┌─ Dataset content

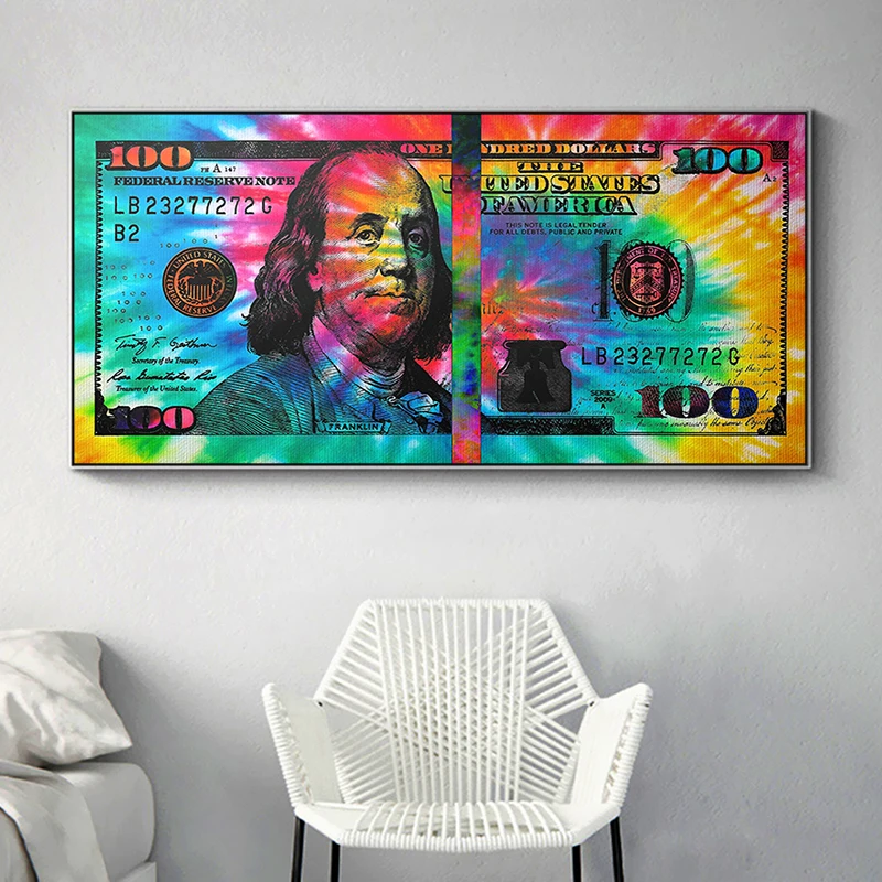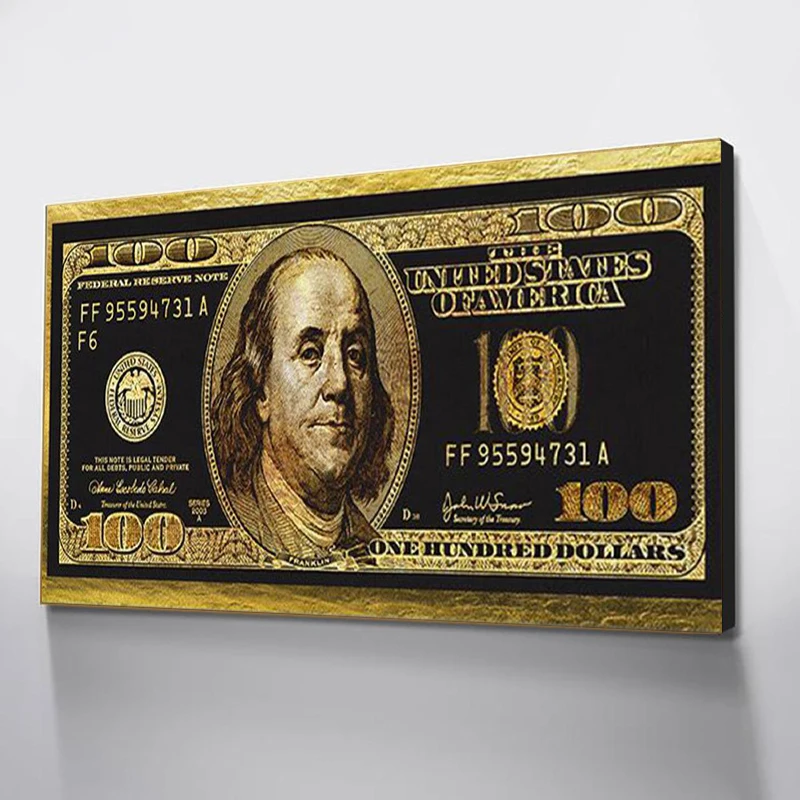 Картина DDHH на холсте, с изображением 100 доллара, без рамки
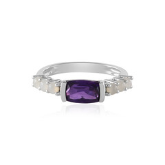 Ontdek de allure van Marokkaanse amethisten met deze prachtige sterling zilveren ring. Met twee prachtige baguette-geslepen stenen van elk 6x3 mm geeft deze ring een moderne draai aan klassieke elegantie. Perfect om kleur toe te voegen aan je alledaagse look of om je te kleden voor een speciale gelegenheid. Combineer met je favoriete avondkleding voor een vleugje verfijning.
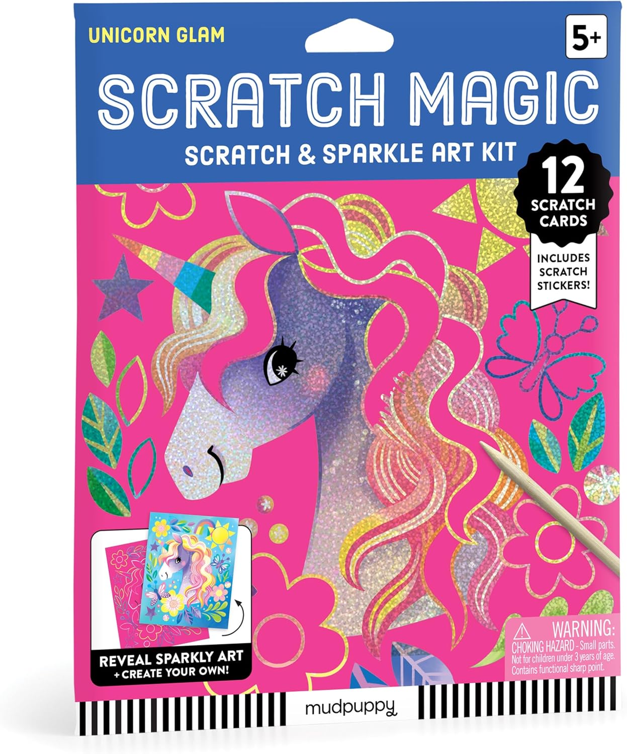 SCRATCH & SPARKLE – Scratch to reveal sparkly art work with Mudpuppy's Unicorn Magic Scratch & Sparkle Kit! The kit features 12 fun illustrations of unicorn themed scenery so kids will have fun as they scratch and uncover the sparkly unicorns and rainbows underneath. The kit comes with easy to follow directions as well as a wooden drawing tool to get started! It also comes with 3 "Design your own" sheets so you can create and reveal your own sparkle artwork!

└─

Your answer must be an exact copy of the data above, minus its pictures.

▶ **Result**:
 Картина DDHH на холсте, с изображением 100 доллара, без рамки
 Ontdek de allure van Marokkaanse amethisten met deze prachtige sterling zilveren ring. Met twee prachtige baguette-geslepen stenen van elk 6x3 mm geeft deze ring een moderne draai aan klassieke elegantie. Perfect om kleur toe te voegen aan je alledaagse look of om je te kleden voor een speciale gelegenheid. Combineer met je favoriete avondkleding voor een vleugje verfijning.
 SCRATCH & SPARKLE – Scratch to reveal sparkly art work with Mudpuppy's Unicorn Magic Scratch & Sparkle Kit! The kit features 12 fun illustrations of unicorn themed scenery so kids will have fun as they scratch and uncover the sparkly unicorns and rainbows underneath. The kit comes with easy to follow directions as well as a wooden drawing tool to get started! It also comes with 3 "Design your own" sheets so you can create and reveal your own sparkle artwork!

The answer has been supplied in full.